Paul Martin negotiated Canada Health Accord, Creative Commons Photo

An existing health-care accord between Ottawa and the provinces and territories will expire on March 31, 2014. And the long-term consequences are alarming. Canada has a public, single payer health-care system for visits to the doctor and stays in hospital. When medicare was introduced in the 1960s, its costs were shared by Ottawa and the provinces on a 50-50 basis. But that arrangement has changed and will continue to do so even more dramatically in the future, given a unilateral change announced in 2011 by Jim Flaherty, the federal finance minister who recently resigned the position.

According to a 2013 study by Canadian actuaries, Ottawa’s health-care transfers, which had once accounted for 50 percent of publicly funded health-care spending, fell to 21 percent in 2012. That percentage would drop to a mere 14 percent by 2037 under the changes announced by the federal government three years ago.

Jean-Denis Frechette, Canada’s parliamentary budget officer, says that the change announced in 2011 will set in motion Ottawa’s downloading of health-care costs to provinces and territories — most of whom can ill afford to foot the bill.

Up until now, the Canadian system has worked well. Nearly everyone has access to doctors and hospital care, and Canada’s total spending on health as a percentage of our Gross Domestic Product — more than 11 percent in 2010 — is comparable to that in similar industrialized countries and considerably less than that in the United States. But there have been problems, too, and fears that an aging population will place further stress on the system.

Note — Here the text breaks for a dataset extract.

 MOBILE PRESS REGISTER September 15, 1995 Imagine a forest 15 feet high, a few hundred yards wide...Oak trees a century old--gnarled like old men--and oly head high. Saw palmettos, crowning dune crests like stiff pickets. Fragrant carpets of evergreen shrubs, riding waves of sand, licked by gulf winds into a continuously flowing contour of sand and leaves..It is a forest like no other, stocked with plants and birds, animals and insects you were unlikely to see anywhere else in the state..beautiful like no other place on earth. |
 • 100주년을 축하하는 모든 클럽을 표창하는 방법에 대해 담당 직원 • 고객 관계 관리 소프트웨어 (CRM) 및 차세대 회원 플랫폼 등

In 2004, then-prime minister Paul Martin negotiated an accord that added $41-billion in federal spending through 2014. Provincial and territorial governments fully expected to negotiate a new agreement by March 31 of this year. Flaherty, however, stunned them in December 2011 by unilaterally announcing terms through to 2024. He said that the provinces and territories could take it or leave it.

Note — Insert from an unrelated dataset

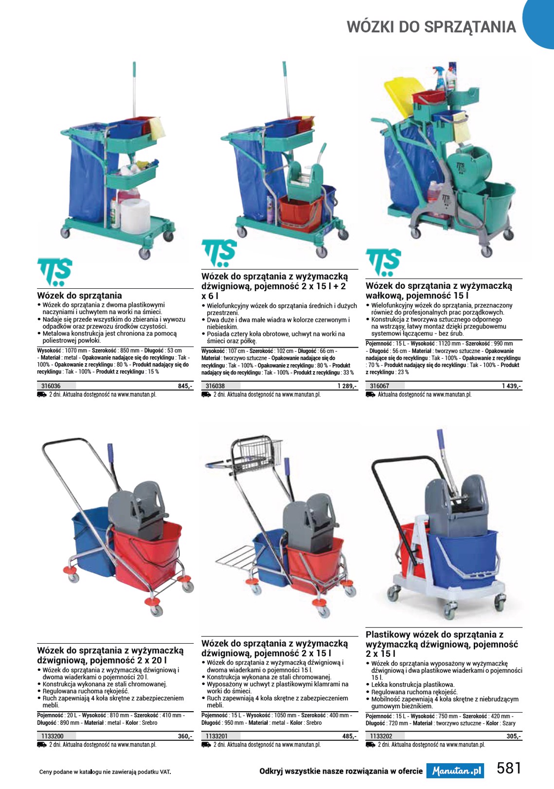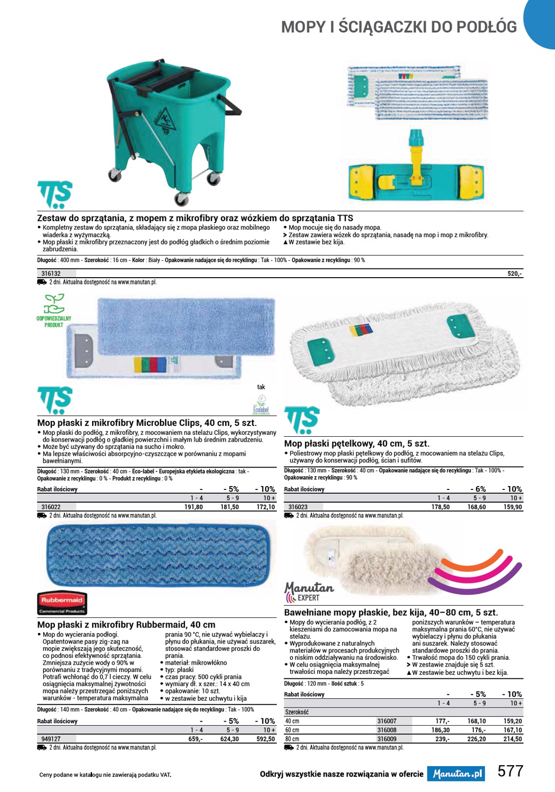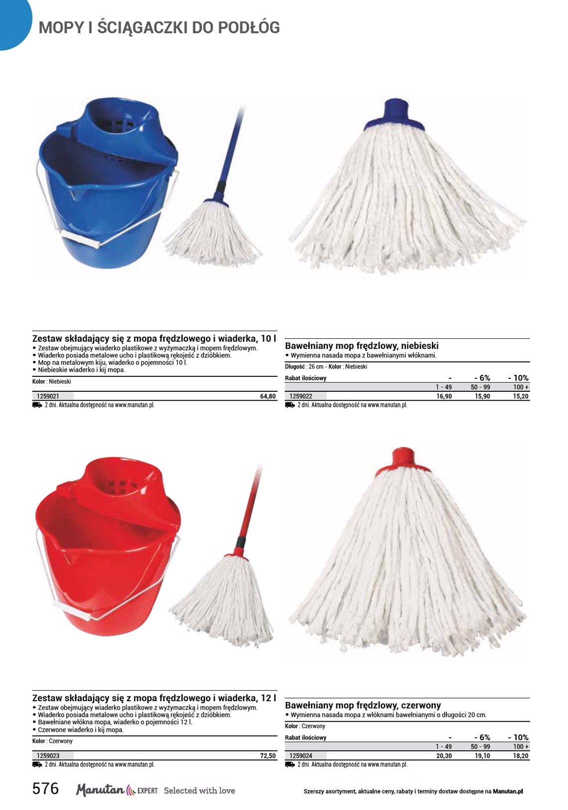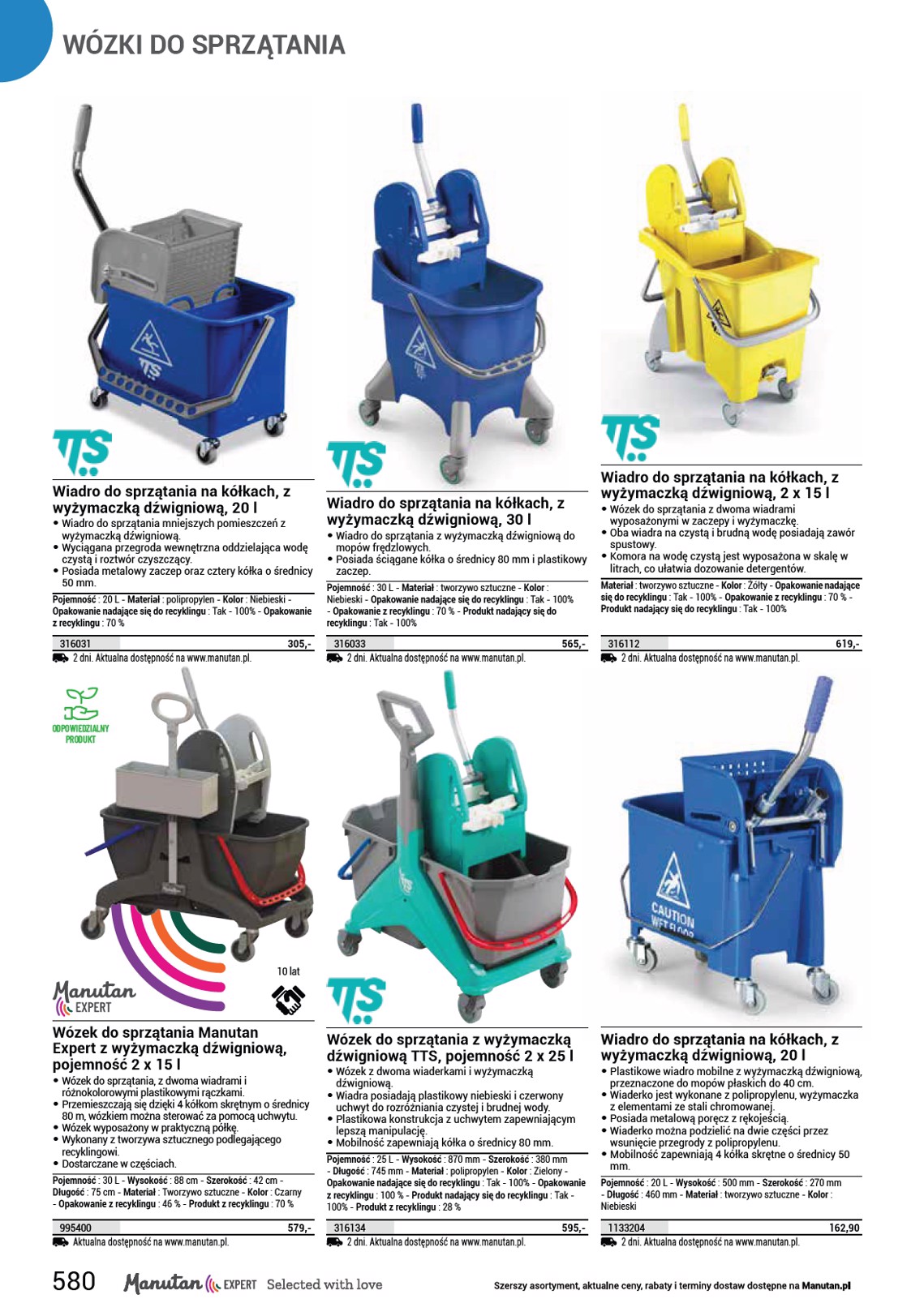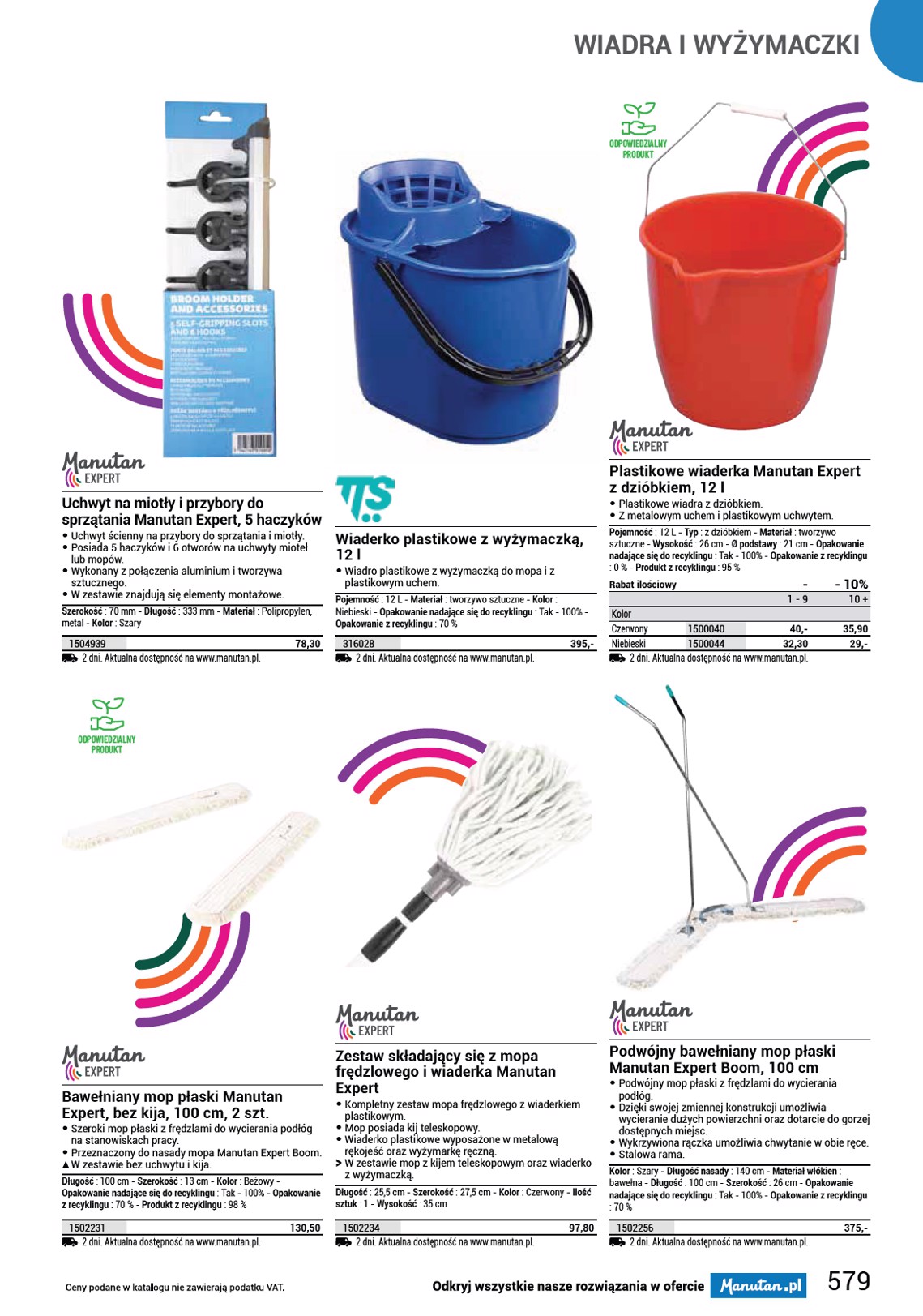 WIADRA I WYŻYMACZKI ODPOWIEDZIALNY PRODUKT Uchwyt na miotły i przybory do sprzątania Manutan Expert, 5 haczyków • Uchwyt ścienny na przybory do sprzątania i miotły. • Posiada 5 haczyków i 6 otworów na uchwyty mioteł lub mopów. • Wykonany z połączenia aluminium i tworzywa sztucznego. • W zestawie znajdują się elementy montażowe. Szerokość : 70 mm - Długość : 333 mm - Materiał : Polipropylen, metal - Kolor : Szary 1504939 2 dni. Aktualna dostępność na www.manutan.pl. 78,30 Wiaderko plastikowe z wyżymaczką, 12 l • Wiadro plastikowe z wyżymaczką do mopa i z plastikowym uchem. Pojemność : 12 L - Materiał : tworzywo sztuczne - Kolor : Niebieski - Opakowanie nadające się do recyklingu : Tak - 100% - Opakowanie z recyklingu : 70 % 316028 2 dni. Aktualna dostępność na www.manutan.pl. 395,- Plastikowe wiaderka Manutan Expert z dzióbkiem, 12 l • Plastikowe wiadra z dzióbkiem. • Z metalowym uchem i plastikowym uchwytem. Pojemność : 12 L - Typ : z dzióbkiem - Materiał : tworzywo sztuczne - Wysokość : 26 cm - Ø podstawy : 21 cm - Opakowanie nadające się do recyklingu : Tak - 100% - Opakowanie z recyklingu : 0 % - Produkt z recyklingu : 95 % Rabat ilościowy - - 10% 1 - 9 10 + Kolor Czerwony 1500040 40,- 35,90 Niebieski 1500044 32,30 29,- 2 dni. Aktualna dostępność na www.manutan.pl. ODPOWIEDZIALNY PRODUKT Bawełniany mop płaski Manutan Expert, bez kija, 100 cm, 2 szt. • Szeroki mop płaski z frędzlami do wycierania podłóg na stanowiskach pracy. • Przeznaczony do nasady mopa Manutan Expert Boom. SS W zestawie bez uchwytu i kija. Długość : 100 cm - Szerokość : 13 cm - Kolor : Beżowy - Opakowanie nadające się do recyklingu : Tak - 100% - Opakowanie z recyklingu : 70 % - Produkt z recyklingu : 98 % 1502231 2 dni. Aktualna dostępność na www.manutan.pl. 130,50 Zestaw składający się z mopa frędzlowego i wiaderka Manutan Expert • Kompletny zestaw mopa frędzlowego z wiaderkiem plastikowym. • Mop posiada kij teleskopowy. • Wiaderko plastikowe wyposażone w metalową rękojeść oraz wyżymarkę ręczną. OO W zestawie mop z kijem teleskopowym oraz wiaderko z wyżymaczką. Długość : 25,5 cm - Szerokość : 27,5 cm - Kolor : Czerwony - Ilość sztuk : 1 - Wysokość : 35 cm 1502234 2 dni. Aktualna dostępność na www.manutan.pl. 97,80 Podwójny bawełniany mop płaski Manutan Expert Boom, 100 cm • Podwójny mop płaski z frędzlami do wycierania podłóg. • Dzięki swojej zmiennej konstrukcji umożliwia wycieranie dużych powierzchni oraz dotarcie do gorzej dostępnych miejsc. • Wykrzywiona rączka umożliwia chwytanie w obie ręce. • Stalowa rama. Kolor : Szary - Długość nasady : 140 cm - Materiał włókien : bawełna - Długość : 100 cm - Szerokość : 26 cm - Opakowanie nadające się do recyklingu : Tak - 100% - Opakowanie z recyklingu : 70 % 1502256 2 dni. Aktualna dostępność na www.manutan.pl. 375,- 579

Prime Minister Stephen Harper has been accused of having a secret agenda to dismantle public health care. Prior to the May 2011 federal election, he attempted to put that issue to rest by promising continued financial support for public health care. In the short-term, Harper can argue that he kept that promise. But what are the consequences of the unilateral funding announcement?

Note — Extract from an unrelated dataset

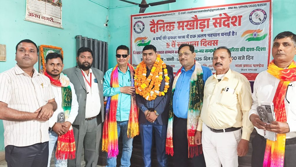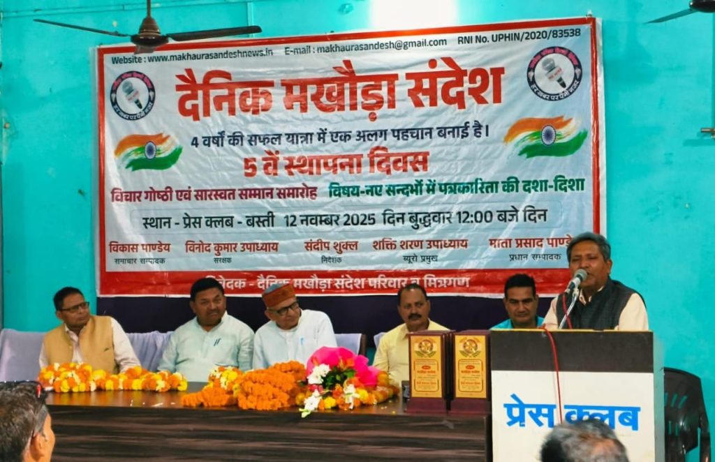 बस्ती। हिन्दी दैनिक अख़बार ‘मखौड़ा संदेश’ का पांचवां स्थापना दिवस बुधवार को प्रेस क्लब सभागार में मनाया गया। वरिष्ठ पत्रकार प्रदीप चंद्र पाण्डेय ने कार्यक्रम को संबोधित करते हुए कहा कि आज के दौर में पत्रकार के साथ न ही समाज है और न ही सरकार, ऐसे में अखबारों का प्रकाशन अत्यंत कठिन है। इसके लिए प्रकाशकों को स्थानीय स्तर पर स्थानीय खबरों पर विशेष ध्यान देना होगा।

In his new book, The Longer I’m Prime Minister, journalist Paul Wells writes that Harper pursues his conservative goals incrementally. The health-care announcement may well fit this mould. A frontal attack on medicare would be politically suicidal for the Conservatives, but a slowing of health transfers to the provinces over a period of many years would lead to increased frustration among people using the service — and a demand for alternatives, including more privately offered services.

This scenario is not lost on groups, such as the Canadian Health Coalition and the Council of Canadians. They’re organizing a national day of action on March 31 in support of public health care.

This article appeared on a United Church Observer blog on March 27, 2014.